WHAT IS BEING ASKED: The reply should consist solely of the lines from the one with "Tarja 1 canasta" through the final line of the listing, copied exactly, with no pictures.

GIVEN DATA:
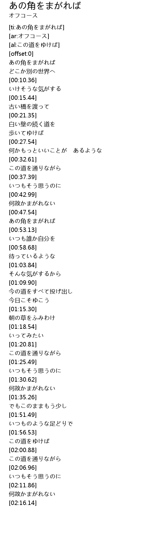 [ti:あの角をまがれば] |
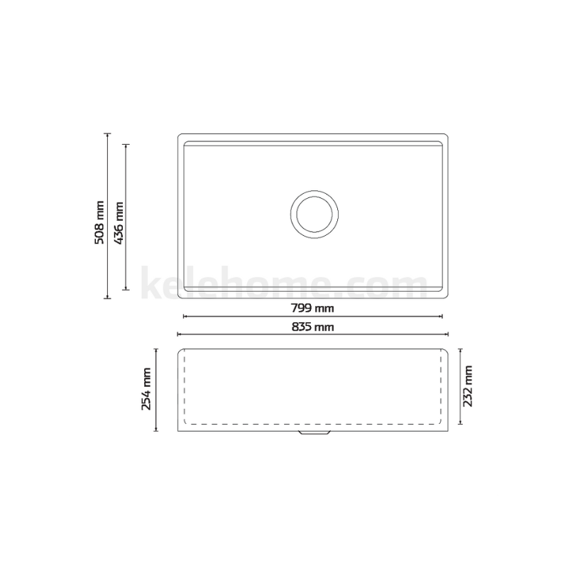 Tarja 1 canasta de cerámica con faldon Kele – KCS3320A – Kitchen Sink – El Tio Sam Puerto Vallarta
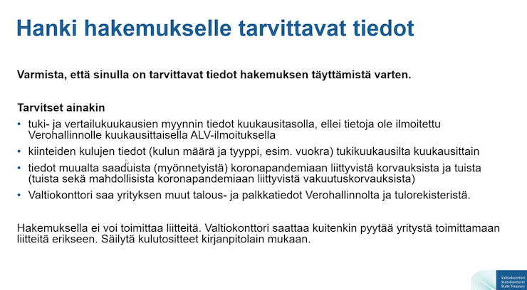 Yrityksen puolesta tukea hakevalla henkilöllä on oltava asiointivaltuutus. Hakemuksen voi täyttää nimenkirjoitusoikeuden omaava henkilö. Tämä henkilö voi valtuuttaa tuen hakemiseen myös toisen henkilön Suomi.fi -sivuston Valtuudet-palvelun kautta. Tunnistautuminen Valtiokonttorin hakupalveluun tehdään samaan tapaan kuin esimerkiksi verottajan palveluun.

EXERCISE ANSWER:
 Tarja 1 canasta de cerámica con faldon Kele – KCS3320A – Kitchen Sink – El Tio Sam Puerto Vallarta
 Yrityksen puolesta tukea hakevalla henkilöllä on oltava asiointivaltuutus. Hakemuksen voi täyttää nimenkirjoitusoikeuden omaava henkilö. Tämä henkilö voi valtuuttaa tuen hakemiseen myös toisen henkilön Suomi.fi -sivuston Valtuudet-palvelun kautta. Tunnistautuminen Valtiokonttorin hakupalveluun tehdään samaan tapaan kuin esimerkiksi verottajan palveluun.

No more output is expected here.